The KV Cache: Memory Usage in Transformers

Efficient NLP
21 Jul 202308:33

Summary

TLDRThe video explains why Transformer language models like GPT require so much memory, especially when generating longer text sequences. The key reason is that self-attention requires computing attention between the current token and all previous tokens, which is inefficient. The solution is to cache the key and value matrices so they don't have to be recomputed for each new token. This KV cache takes up a large portion of memory since it grows with the sequence length. There is also higher latency when processing the initial prompt since the KV cache doesn't exist yet. Overall, the KV cache enables efficient autoregressive decoding but requires storing matrices that scale quadratically with sequence length.

Takeaways

  • 😱 Transformers require a lot of memory when generating long text because they have to recompute embeddings for all previous tokens on each new token
  • 🤓 The memory usage comes mostly from the key-value (KV) cache that stores embeddings for previous tokens
  • 🔍 The key matrix represents previous context the model should attend to
  • 💡 The value matrix represents previous context applied as a weighted sum after softmax
  • ✏️ On each new token, only the query vector is computed while K and V matrices are cached
  • 🚀 Using a KV cache reduces computations from quadratic to constant as sequence length grows
  • 📊 For a 30B parameter model, the KV cache takes 180GB for a sequence of 102 tokens - 3X the model size!
  • ⚡ The KV cache dominates memory usage during inference
  • 🐢 There is higher latency when processing the initial prompt without a KV cache
  • 👍 The KV cache allows lower latency when generating each new token after the prompt

Q & A

  • Why do transformer language models require so much memory when generating long text?

    -As more text is generated, more key and value vectors need to be computed and cached, taking up more and more GPU memory. This quadratic growth in computations is inefficient and consumes a large amount of memory.

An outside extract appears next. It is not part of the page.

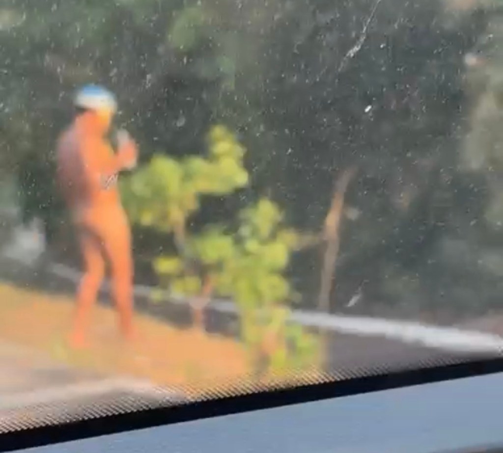 Na tarde desta quinta-feira (2), um episódio inusitado chamou a atenção dos cuiabanos: um homem foi flagrado caminhando nu pela Ponte do Rio Coxipó, na Avenida Fernando Corrêa da Costa. O vídeo, compartilhado amplamente nas redes sociais, mostra o indivíduo com um chapéu na cabeça, andando tranquilamente, enquanto o motorista que o grava comenta: “O cara andando nuzinho aqui na Fernando Corrêa, olha aí! Olha a folga dele, meu Jesus do céu. Esse é folgado!”

  • What are the key, value and query vectors in the self-attention mechanism?

    -The query vector represents the current token, the key matrix represents the previous context tokens, and the value matrix also represents the previous contexts but is applied as a weighted sum after softmax.

  • How does the KV cache help reduce memory usage and computations?

    -The KV cache stores previously computed key and value matrices so they don't need to be recomputed for every new token. Only the key and value for the new token is computed, significantly reducing computations.

  • Where in the transformer architecture is the KV cache used?

    -The KV cache is used in the self-attention layer. The cache and the current token embedding are passed in, and the new key and value vectors are computed and appended to the cache.

  • What factors contribute to the memory usage of the KV cache?

    -The factors are: 2 matrices K and V, precision (bytes per parameter), number of layers, embedding dimension per layer, maximum sequence length including prompt, and batch size.

  • Why does processing the initial prompt have higher latency?

    -For the initial prompt, there is no KV cache yet so the key and value matrices need to be computed for every prompt token. Subsequent tokens have lower latency since only the new token's KV is computed.

  • How large can the KV cache get for a typical transformer model?

    -For a 30 billion parameter model, the KV cache can be 180GB while the model itself is 60GB, so over 3x larger.

  • Why does the KV cache dominate memory usage during inference?

    -During inference, the KV cache holds the previously generated key and value matrices so they don't get recomputed. As the sequence grows longer, this cache grows much faster than the model size.

  • Does the KV cache reduce computational complexity for autoregressive decoding?

    -Yes, without the KV cache, a quadratic number of matrix-vector multiplications would be needed. The KV cache reduces this to a constant amount of work per token, independent of past sequence length.

  • Are there other memory optimizations used with transformers?

    -Yes, other optimizations include using lower-precision data types, gradient checkpointing, and knowledge distillation to compress models. But the KV cache addresses a key scalability issue.